Wigwe disclosed that the bank has now developed relationships with about 85 of approximately 100 German corporates as well as a few Swiss and Austrian companies operating in Nigeria; and supports over 50 German corporates whose trading partners are Nigerian.

By the end of 2019, Nigeria’s exports to Germany were about $1.34Billion, while imports from Germany were about $1.15Billion.

These figures were projected to grow by around 18 percent by the end of 2020. Unfortunately, the pandemic struck and created a decline of about 32.09 percent and 9.57 percent for exports and imports respectively, he further explained.

According to him, the desk has enabled a “momentum of trust” to build for foreign investors and corporates that were previously hesitant to enter the Nigerian market.

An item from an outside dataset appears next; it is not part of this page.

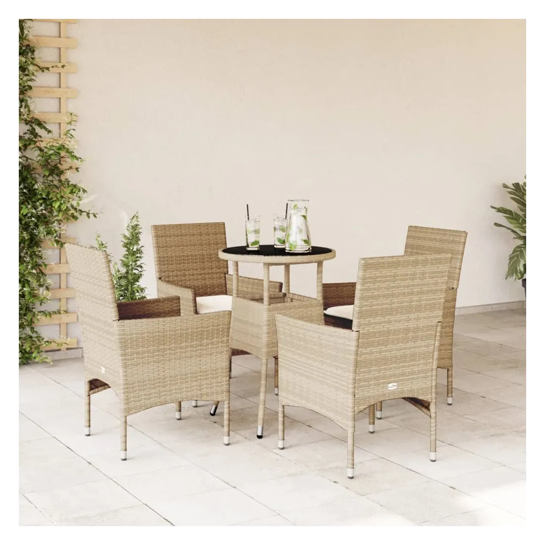 Cet ensemble de salle à manger de jardin est un excellent choix pour les repas en plein air ou pour vous détendre dans le jardin, dans l'arrière-cour ou sur la terrasse. Matériau durable : la résine tressée, également connue sous le nom de poly rotin, est un matériau synthétique solide et nécessitant peu d'entretien qui ressemble au rotin naturel. Il est léger, facile à nettoyer et couramment utilisé pour les meubles d'extérieur en raison de sa durabilité et de ses propriétés de résistance aux intempéries.Expérience d'assise confortable : cet ensemble de meubles d'extérieur, doté de coussins épais, offre une expérience d'assise confortable.Housse amovible et lavable : ces coussins de siège sont dotés de housses amovibles pour un lavage et un entretien faciles.Dessus en verre : le dessus de la table d'extérieur est fabriqué en verre trempé solide et durable, ce qui le rend facile à nettoyer avec un chiffon humide et ajoute une touche d'élégance à votre espace extérieur. Bon à savoir :Pour que vos meubles d'extérieur restent beaux, nous vous recommandons de les protéger avec une housse imperméable.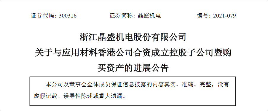 收购遇阻的消息也得到了晶盛机电方面的证实。晶盛机电董事会24日发布公告指出,“近日,子公司科盛装备接到通知,本次交易在申报相关政府审批时,意大利政府出具决议否决了本次交易,本次交易未能通过意大利外商投资(即“黄金权力法案”)审批。公司将与应用材料公司共同努力与意大利外商投资审批部门进行进一步沟通,并及时披露进展情况。”

While acknowledging the pandemic-led setbacks, he said the bank has been able to build shared prosperity between Germany and Nigeria and further called for partnerships for sustainable impact.

“Partnerships are essential to achieving the scale and sustainable impact we all need to see,” he said.

Before the desk, the change in Germany’s investment in Nigeria was not so. BusinessDay learnt that German investors hesitated due to the uncertainties in Nigeria’s economy.